ITEM 2.   MANAGEMENT'S DISCUSSION AND ANALYSIS OR PLAN OF OPERAT ION
 
Note Regarding Forward-Looking Statements
 
This quarterly report on Form 10-Q and other reports filed by the Company from time to time with the Securities and Exchange Commission (collectively the “Filings”) contain or may contain forward-looking statements and information that are based upon beliefs of, and information currently available to, Company’s management as well as estimates and assumptions made by Company’s management. Readers are cautioned not to place undue reliance on these forward-looking statements, which are only predictions and speak only as of the date hereof. When used in the filings, the words “anticipate”, “believe”, “estimate”, “expect”, “future”, “intend”, “plan”, or the negative of these terms and similar expressions as they relate to Company or Company’s management identify forward-looking statements. Such statements reflect the current view of Company with respect to future events and are subject to risks, uncertainties, assumptions, and other factors (including the risks contained in the section of operations and results of operations, and any businesses that Company may acquire.) Should one or more of these risks or uncertainties materialize, or should the underlying assumptions prove incorrect, actual results may differ significantly from those anticipated, believed, estimated, expected, intended, or planned.

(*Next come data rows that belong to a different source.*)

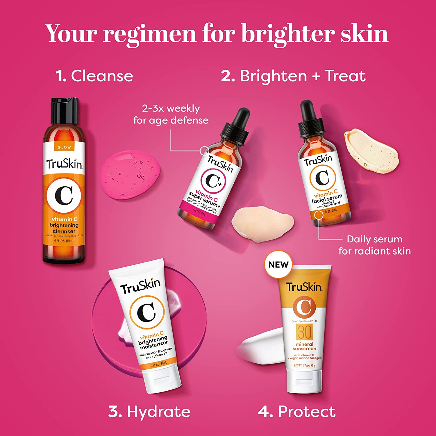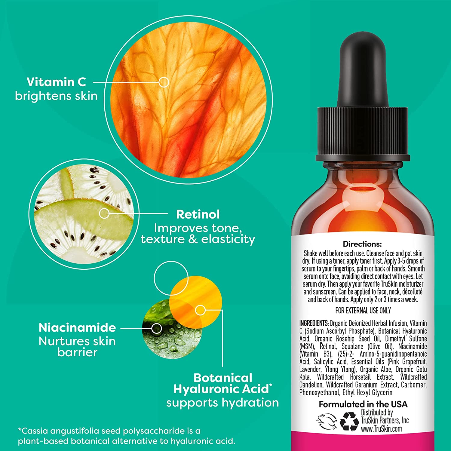 TruSkin Vitamin C-Plus Super Serum, Anti Aging Anti-Wrinkle Facial Serum with Niacinamide, Retinol, Hyaluronic Acid, and Salicylic Acid, 1 oz
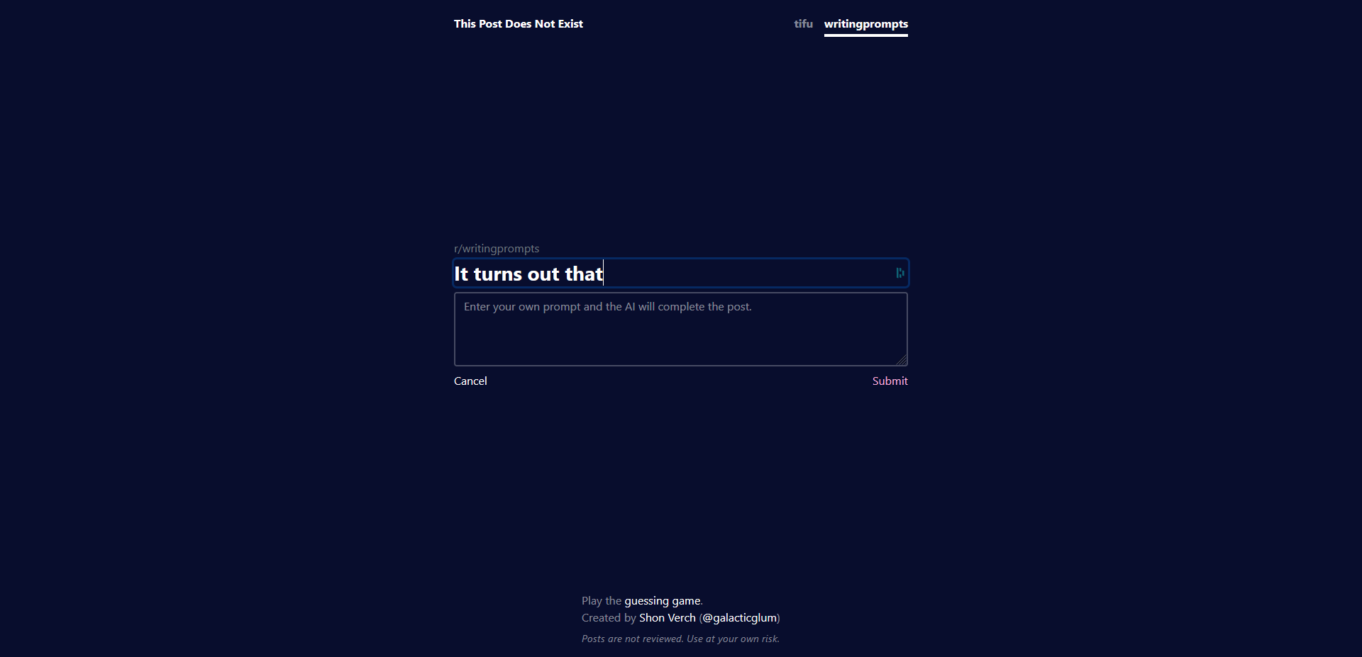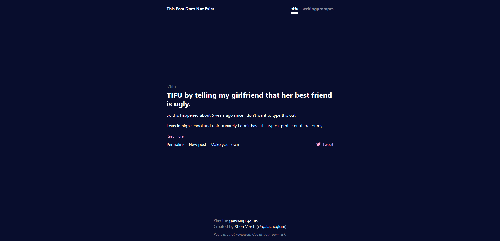 ai-redditor (This Post Does Not Exist). A text generation Transformer model (finetuned GPT2 model) trained on Reddit posts. Screenshots
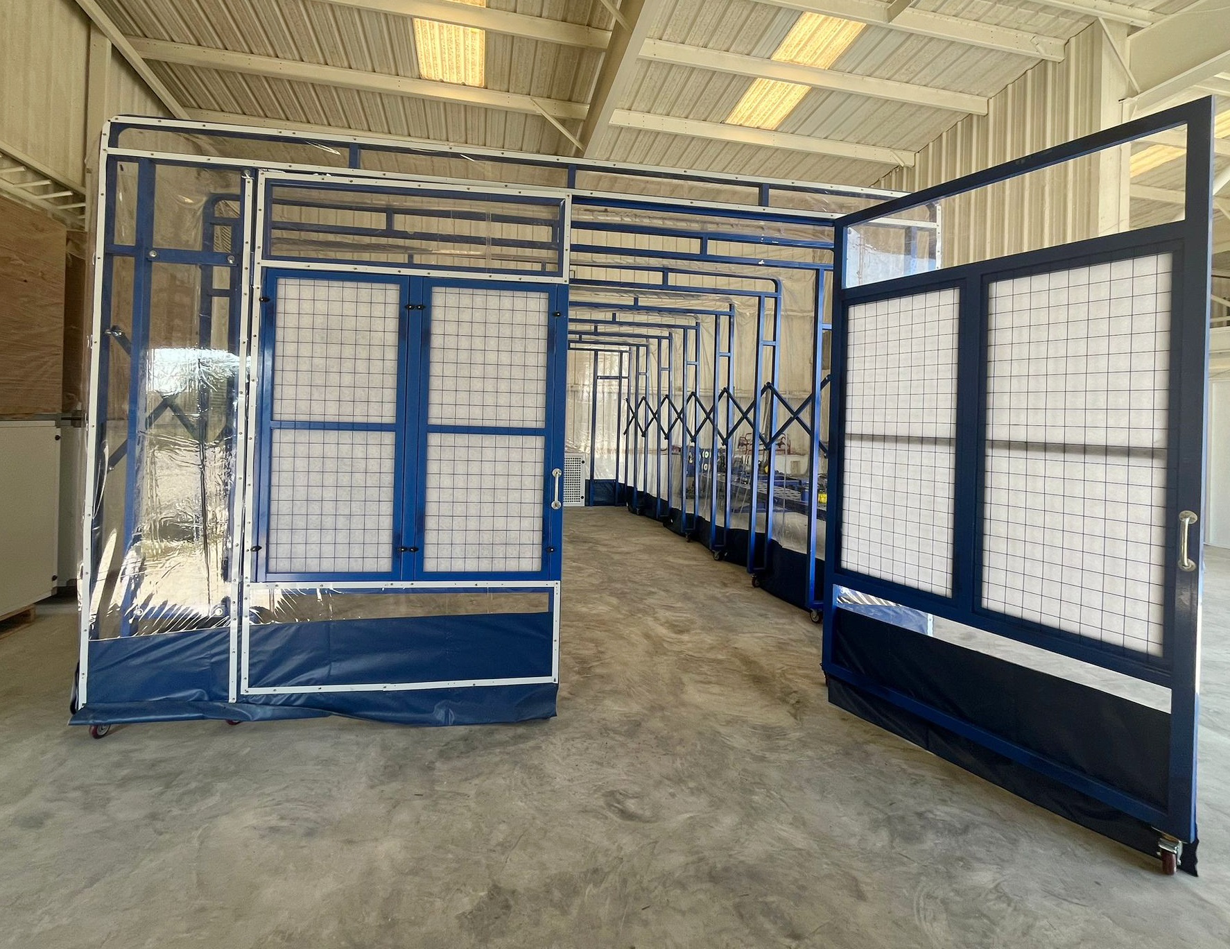 Manual Retractable Paint Booth with Hot-Dip Galvanized Square Tube Welding. Exhaust unit in the Rear. LED Lights are included.
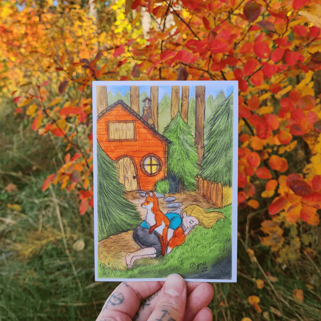 Varjoista - runokirjan kuvituksista tuttu "Kettu sylissä" postikortti on saapunut syksyn valikoimaan. Tässä idyllissä mielikuvassa tyttö ja kettu ovat nukahtaneet metsäiselle tontille. Kettu pitää vahtia ja suojelee.
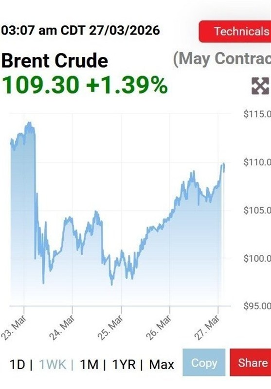 עם זאת, למרות ניסיונות אלו, מחיר נפט ברנט חצה היום שוב את רף 109 הדולר.
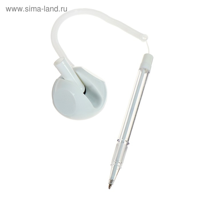 Ручка шариковая 0.5 мм на подставке "Стоп" с липучкой и шнуром, стержень синий, корпус БЕЛЫЙ
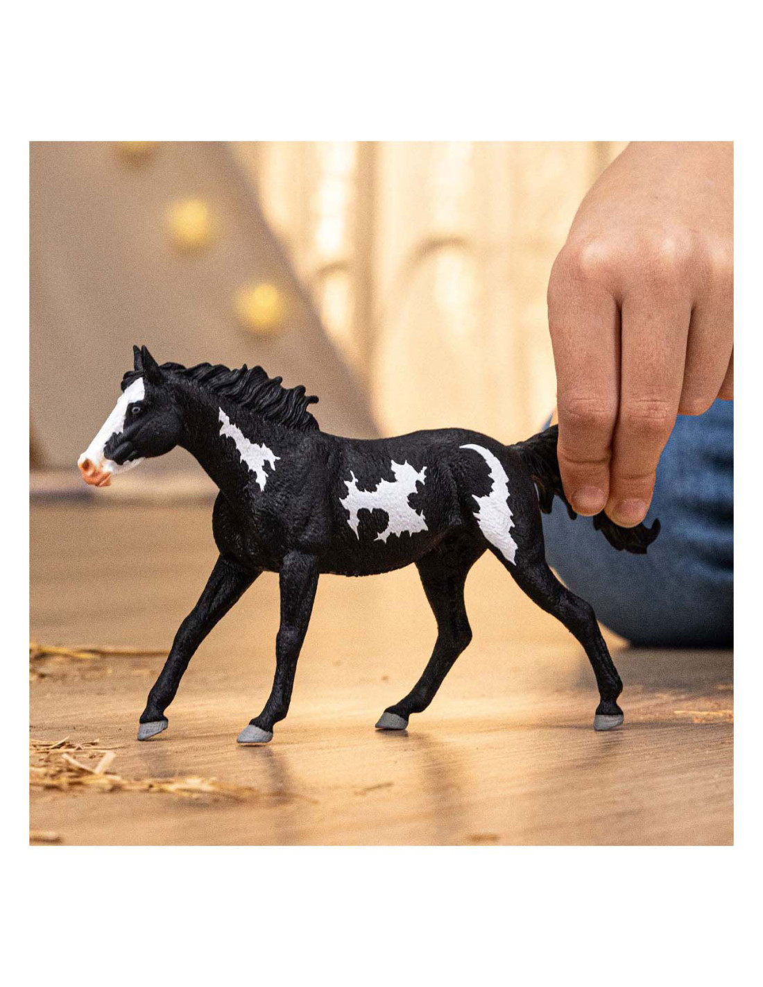 De stevige Paint-ruin ziet er indrukwekkend uit als hij in de wei galoppeert. Hij is diepzwart van de punt van het oor tot aan de hoef. Een paar lichtgekleurde vlekken vallen op in de nek, buik en rug. Zijn gezicht is wit en zijn snuit is roze. Zijn heldere ogen zijn bijzonder indrukwekkend. Ze passen perfect bij zijn anders zo donkere uiterlijk!De zwart-witte bontgekleurde Paint-ruin heeft vandaag zin in avontuur en wil iets doen! Hij galoppeert zo snel door de wei dat zijn zwarte manen en weelderige staart fladderen. Wie wil er met hem meedoen? Western rijden vindt hij erg leuk, maar hij houdt ook van andere disciplines. Het belangrijkste is dat hij gezelschap heeft en iets meemaakt.

Although Company believes that the expectations reflected in the forward-looking statements are reasonable, Company cannot guarantee future results, levels of activity, performance, or achievements. Except as required by applicable law, including the securities laws of the United States, the Company does not intend to update any of the forward-looking statements to conform these statements to actual results. Readers are urged to carefully review and consider the various disclosures made throughout the entirety of this quarterly report, which attempt to advise interested parties of the risks and factors that may affect our business, financial condition, results of operations, and prospects.
 
Overview

The Company was incorporated in the State of Nevada as a for-profit company on August 7, 2007. We are an exploration stage company whose original business plan was to create a line of affordable teen makeup, for girls ranging from 13 to 19 years old. On March 31, 2010, we changed our intended business purpose to that of coal, oil and natural gas exploration, development and production. Our new primary business focus is to acquire, explore and develop coal, oil and gas exploration properties in the United States of North America, with a particular focus on the Rocky Mountains region.

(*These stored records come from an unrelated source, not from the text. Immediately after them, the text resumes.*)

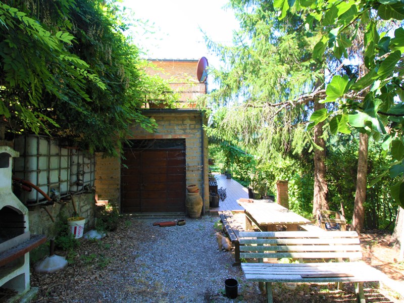 Il resede che circonda in parte l’edificio, attualmente è utilizzato come zona relax con tavolo in legno e in parte come giardino con pergolato a vite.
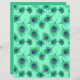 Paper in a pattern of peacock feathers, in turquoise / peacock green, with rust and cobalt blue eye, on a pastel aqua background
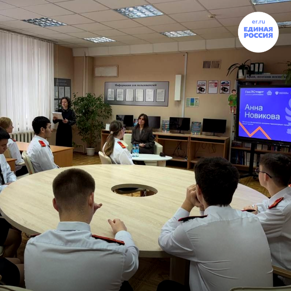 Председатель совета сторонников «Единой России» в Новом Уренгое, начальник департамента экономики в Администрации города Анна Новикова представила ребятам всероссийскую программу «ГосСтарт» в рамках ее профориентационного направления – «ГосСтарт.Диалог».
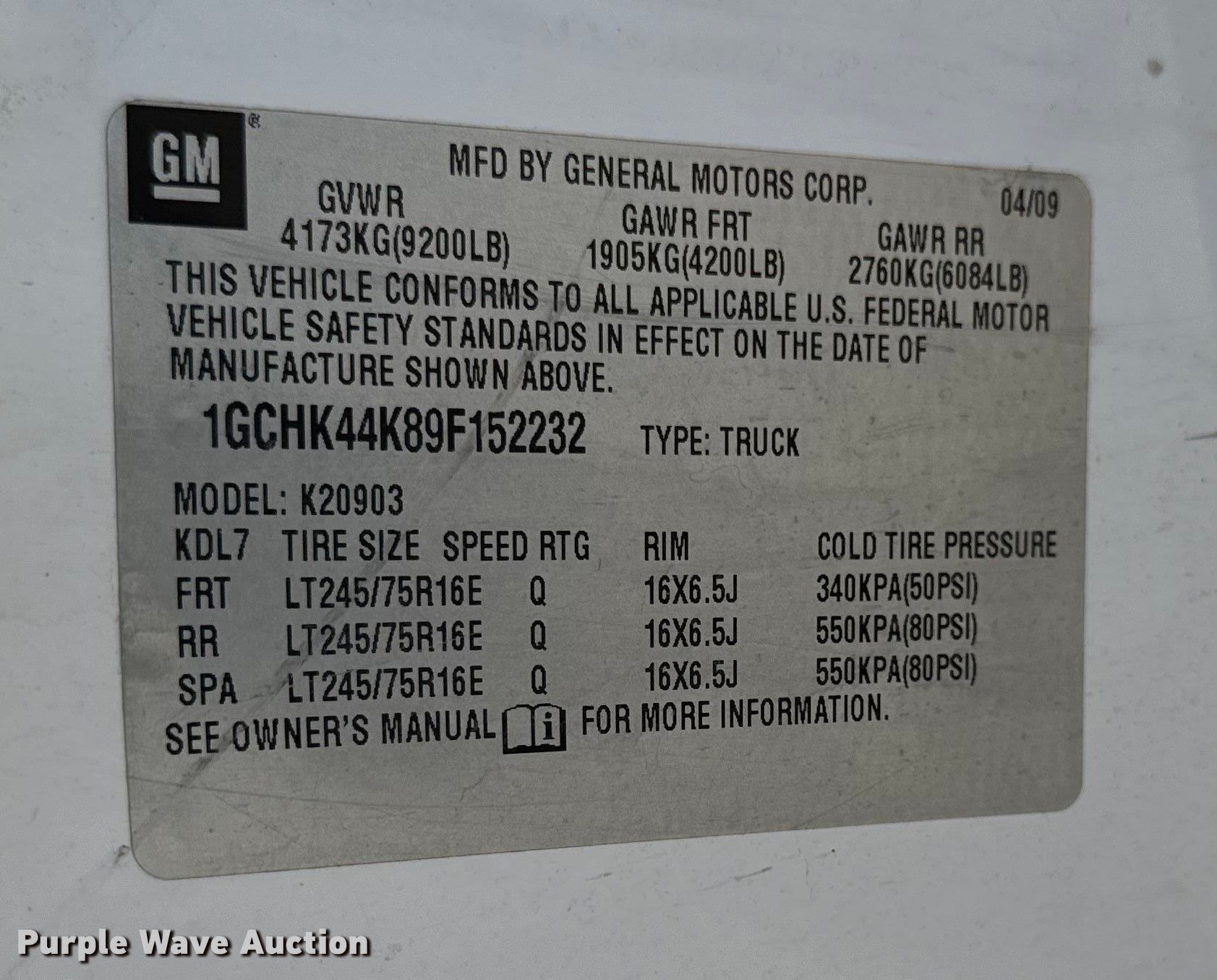 Purple Wave is selling a used 3/4 or 1 Ton Pickup or Van in Iowa. This item is a 2009 Chevrolet Silverado 2500HD pickup truck with the following: Miles: 225,470 on odometer, VIN: 1GCHK44K89F152232

On November 20, 2009, Johannes Petersen acquired the majority of the shares of our issued and outstanding common stock in accordance with two stock purchases agreements by and between Mr. Petersen and Ms. Pamela Hutchinson, and Ms. Andrea Mizushima, respectively. The change of control was announced on a Current Report on Form 8-K filed with the Securities and Exchange Commission on January 25, 2010.

Business Description and Plan of Operation

Our plan of operation is to acquire and conduct exploration work on the properties and prospects we acquire in order to ascertain whether they possess economic quantities of coal and/or hydrocarbons in accordance with available funds. There can be no assurance that an economic coal and/or hydrocarbon reserve exists on any of the exploration prospects we acquire until appropriate exploration work is completed.

Coal, oil and gas exploration is typically conducted in phases. Each subsequent phase of exploration work is recommended by a geologist based on the results from the most recent phase of exploration. We have yet to acquire exploration properties, upon which we will commence the initial phase of exploration.  We have acquired an assignment of certain contractual rights in coal and minerals located in the Judith Basin County, Montana, however these rights are speculative in nature and additional exploration work is required to determine their value. Once we have completed each phase of exploration, we will make a decision as to whether or not we proceed with each successive phase based upon the analysis of the results of that program. Even if we complete our proposed exploration programs on our properties, and we are successful in identifying the presence of coal and/or hydrocarbons, we will have to spend substantial funds on further drilling, engineering studies, environmental and mine feasibility studies before we will know if we have a commercially viable coal, oil and gas deposit or reserve.
 
Market Overview for Plan of Operation

Coal production in the United States in 2008 reached a record level of 1,171.8 million short tons according to data from the Energy Information Administration, an increase of 2.2% above the 2007 level. Although coal production was higher in 2008, U.S. total coal consumption decreased in all sectors for the year. Coal consumption in the electric power sector in 2008 was lower by 0.4%, while coking coal consumption decreased by 2.8% and the other industrial sector declined by 3.7%.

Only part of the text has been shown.